Thelymitra × merraniae, commonly known as Merran's sun orchid, is a species of orchid that is endemic to south-eastern continental Australia. It has a single tapering, fleshy, channelled, dark green leaf and up to six dark blue to purplish flowers. It is a possibly a natural hybrid but its parentage is uncertain.

==Description==
Thelymitra × merraniae is a tuberous, perennial herb with a single dark green, fleshy, channelled, tapering linear to lance-shaped leaf 150-200 mm long and 3-8 mm wide with a reddish base. Up to six dark blue to purplish flowers with darker spots, 20-25 mm wide are arranged on a flowering stem 150-400 mm tall. There are one two bracts along the flowering stem. The sepals and petals are 8-12 mm long and the column is pale blue to purplish and 3-5 mm long.

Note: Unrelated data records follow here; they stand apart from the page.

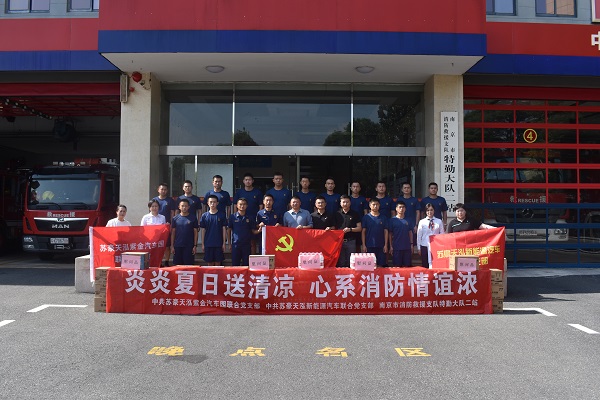 8月23日下午,苏豪天泓新能源汽车联合党支部、天泓紫金汽车园联合党支部与南京市消防救援支队特勤大队进行了共建座谈,慰问高温下坚持训练备勤的消防官兵,为他们送上饮料、方便面等慰问品,希望能够给他们带去一份清凉和温馨。
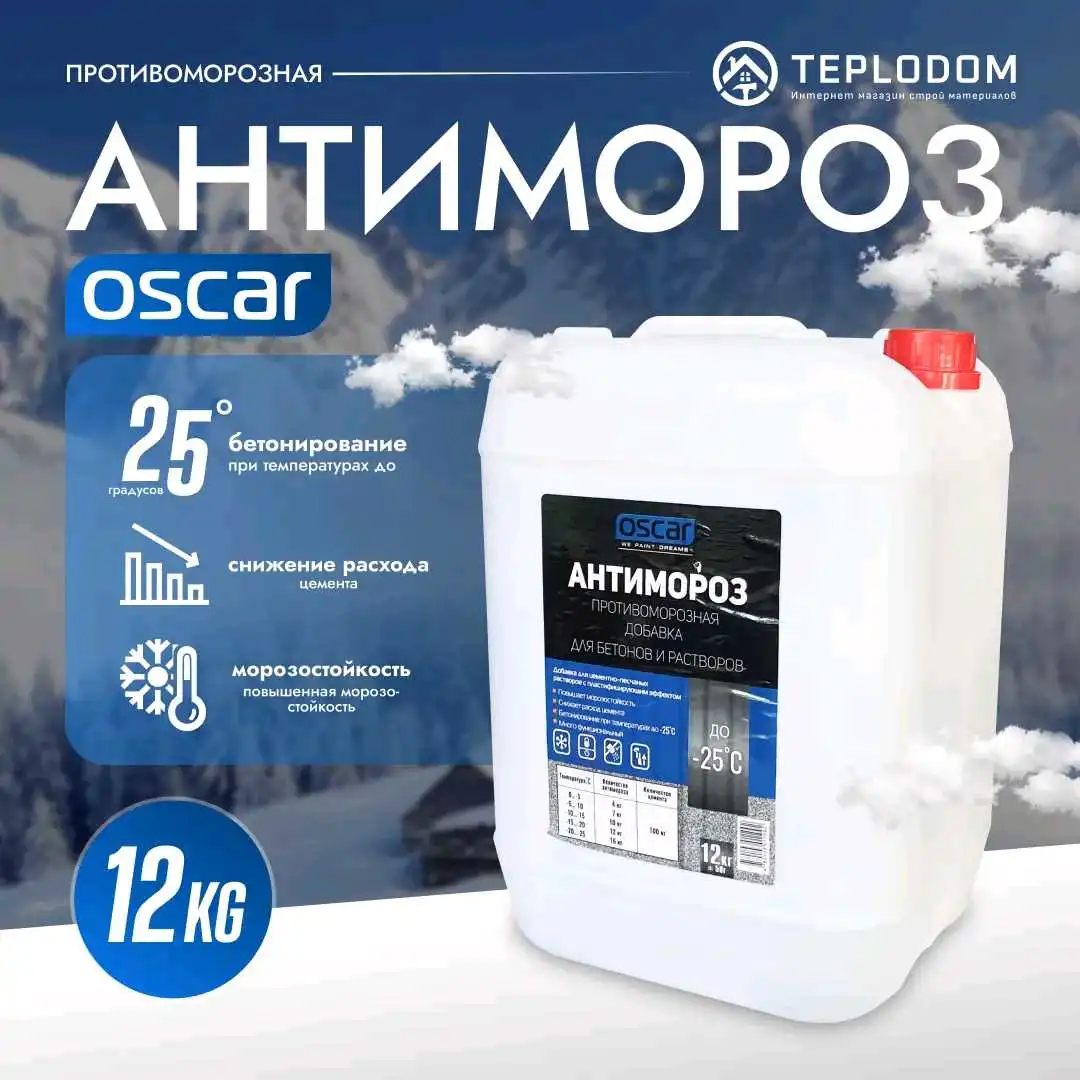 Антимороз Oscar для бетонов и растворов" — это добавка, предназначенная для защиты бетона и растворов от воздействия низких температур. Она помогает предотвратить замерзание воды в смеси, что может привести к повреждениям материала, улучшая его устойчивость в холодных условиях.
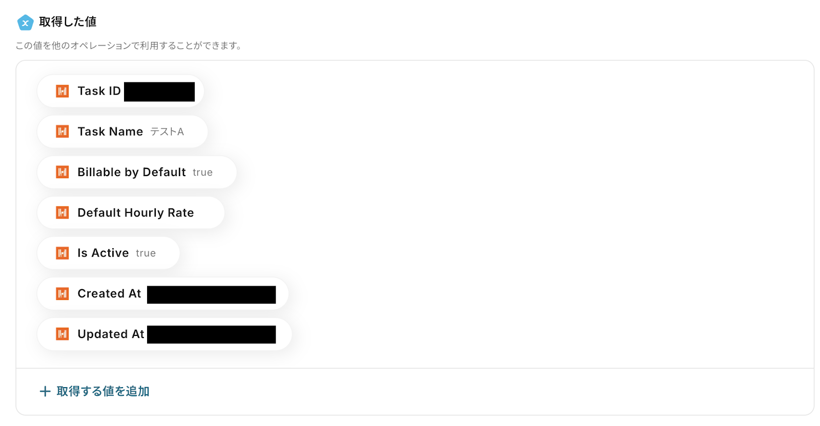 Harvestでタスクを作成するオペレーションにて、GitLabのイシューから取得した情報を基に、どのようなタスクを作成するかを任意で設定してください。例えば、イシューのタイトルをそのままタスク名にするなど、運用に合わせて柔軟な設定が可能です。 ■注意事項

The lobe on the top of the anther is more or less square with a wavy yellow top and a wavy back. The side lobes have a tuft of shaggy, cream-coloured hairs. Flowering occurs from October to November.

==Taxonomy and naming==
Thelymitra × merraniae was first formally described in 1929 by William Henry Nicholls from a specimen collected near Aireys Inlet and the description was published in The Victorian Naturalist. It is a hybrid taxon involving Thelymitra ixioides and T. peniculata. The specific epithet (merraniae) honours "Mrs. Merran Sutherland" who collected the type specimen.

==Distribution and habitat==
Merran's sun orchid grows in heath and woodland. It is widespread but rare, occurring in coastal New South Wales, southern Victoria, Tasmania and South Australia.